Sejak kecil Syekh Abdurrauf sudah mempelajari ilmu agama serta bahasa Arab dengan ayahnya sendiri. Setelah remaja, ia pergi ke Banda Aceh untuk melanjutkan pendidikannya. Saat itu Aceh di pimpin oleh Sultan Iskandar Muda. Dan di bawah kepemimpinannya, Aceh mengalami masa keemasan sekaligus puncak kekuasaan. Sultan Iskandar Muda juga sangat mendukung penyebaran Islam. Sehingga Islam berkembang pesat pada masa pemerintahannya.
Sekitar 1642, Syekh Abdurrauf berangkat ke Arab Saudi. Selain untuk menunaikan ibadah haji, ia juga berencana memperdalam keilmuannya. Kemudian ia pergi ke Yaman untuk menuntut ilmu di dua lembaga pendidikan sekaligus, yakni Bait al-Faqih dan Zabid. Di Bait al-Faqih, Syekh Abdurrauf belajar dengan ahli fikih dan hadis.

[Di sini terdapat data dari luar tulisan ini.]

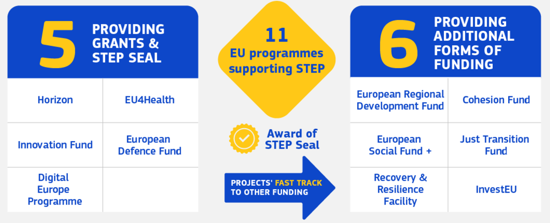 “To support the Union’s long-term competitiveness in critical technologies, STEP is set to channel investments into critical projects in digital deep tech, biotech and clean tech, drive innovation and contributing to addressing skills shortages in STEP sectors. In particular, STEP reorients 11 EU programmes towards STEP sectors and objectives, establishes a STEP Seal to award relevant projects and showcases them on a STEP online portal”.

Syekh Abdurrauf juga sempat menimba ilmu di Madinah. Di sana ia bahkan mendapat gelar khalifa tarekat Syatariah dan Qadiriyah, yaitu gelar yang menandakan pelajarannya selesai.

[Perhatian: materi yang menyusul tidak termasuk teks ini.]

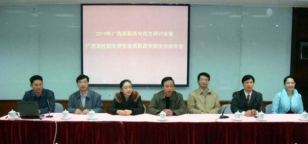 2010年1月8日至9日,我院招生就业处领导及相关人员参加了广西高职高专招生工作研讨会暨广西高校招生研究会高职高专招生分会2009年年会。全区共有30所高职高专院校参加了此次年会。

Di Madinah, Syekh Abdurrauf juga pernah menjadi guru yang mengajar banyak murid dari berbagai negara selama kurang lebih 19 tahun. Sembari mengajar, dia juga memanfaatkan waktu untuk menulis berbagai kitab. Sampai akhirnya, ia memutuskan kembali ke tanah kelahirannya pada 1661. Setibanya di Aceh, dirinya bertekad mengembangkan dunia pendidikan sekaligus Islam di sana.
Pada tahun 1693 atau 1105 Hijriyah, sang ulama besar itu mengembuskan napas terakhirnya pada usia 73 tahun. Dirinya kemudian dimakamkan di dekat muara sungai Aceh yang terletak sekitar 15 kilometer dari Banda Aceh.
Sepanjang hidupnya, tercatat Syiah Kuala sudah menggarap sekitar 21 karya tulis yang terdiri dari satu kitab tafsir, dua kitab hadis, tiga kitab fikih, dan selebihnya kitab tasawuf.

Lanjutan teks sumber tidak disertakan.